Petitioners complained that EPA continued to implement MATS even though the Court last year deemed the rule to be unlawful. The Court held that EPA “strayed well beyond the bounds of reasonable interpretation in concluding that cost is not a factor relevant to the appropriateness of regulating [HAP emissions from] power plants.”

Although EPA did not compare costs and benefits when deciding whether to regulate power plant HAP emissions, it did compare costs and benefits when promoting the rule to Congress and the public. EPA boasted that although MATS would cost utilities $9.6 billion to implement in 2016, it would generate $37 billion to $90 billion in health benefits in the same year (77 FR 9306).

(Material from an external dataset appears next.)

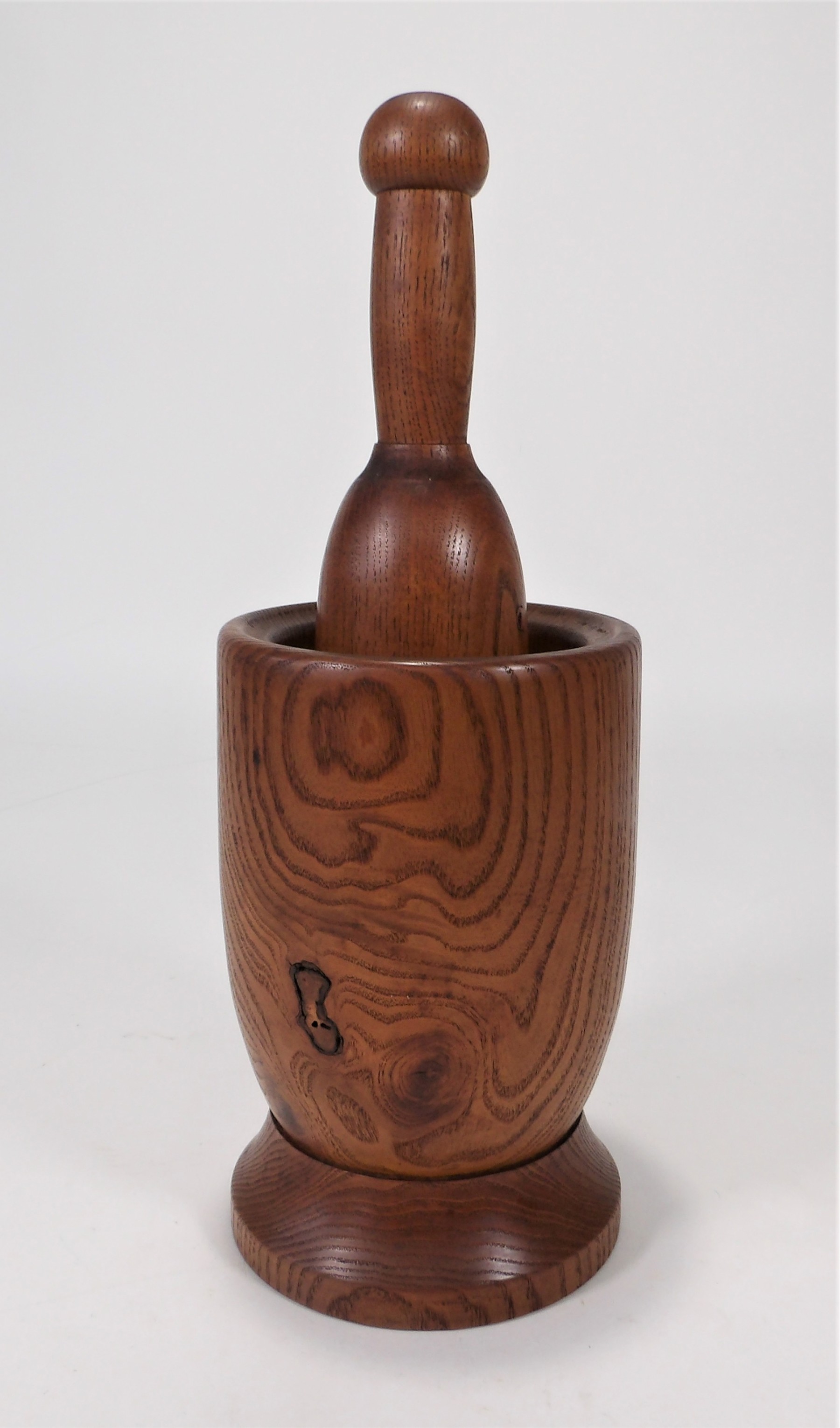This listing is for a mortar and pestle that has inscribed on the bottom "Turned From Mountain Ash Cut In Willsboro, N.Y. - F. R. Morley - 1978". The mortar is 7.75" tall and 5" wide. The pestle is 10.25" tall and 2.5" at the base. The wood is very rich looking with a nice grain throughout. Please see photos for details.
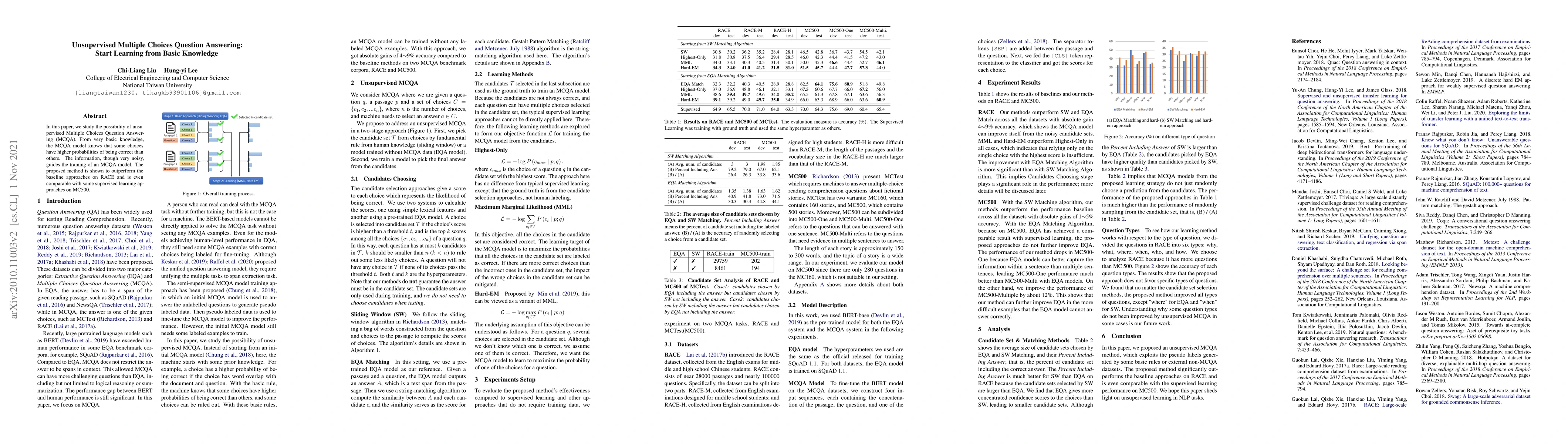 This paper explores an unsupervised approach to Multiple Choices Question Answering (MCQA) that leverages basic knowledge to guide the training process, achieving better performance on the RACE and MC500 datasets compared to baseline methods and sometimes rivaling supervised learning approaches.

However, EPA attributed more than 99% of the quantified benefits to coincidental reductions in fine particulate matter (PM2.5)–a pollutant not directly targeted by the rule and not classified as a HAP in the Clean Air Act. Specifically, EPA’s Regulatory Impact Analysis (p. 5-93) claimed that reductions in PM2.5-related emissions would avert 4,200 to 11,000 premature deaths in 2016–annual “co-benefits” valued by the agency at $36 billion to $89 billion.

A study by economist Anne Smith of NERA Economic Consulting finds that even if we accept the epidemiological literature supporting an association between PM2.5 at current levels and mortality (skepticism is justified), the MATS rule’s co-benefit estimates are flimflam. About 99 percent of the PM2.5 reductions attributable to MATS are projected to occur in areas already in attainment with EPA’s National Ambient Air Quality Standard (NAAQS) for PM2.5. Under the Clean Air Act, NAAQS are to be set at a level requisite to protect public health, allowing an adequate margin of safety.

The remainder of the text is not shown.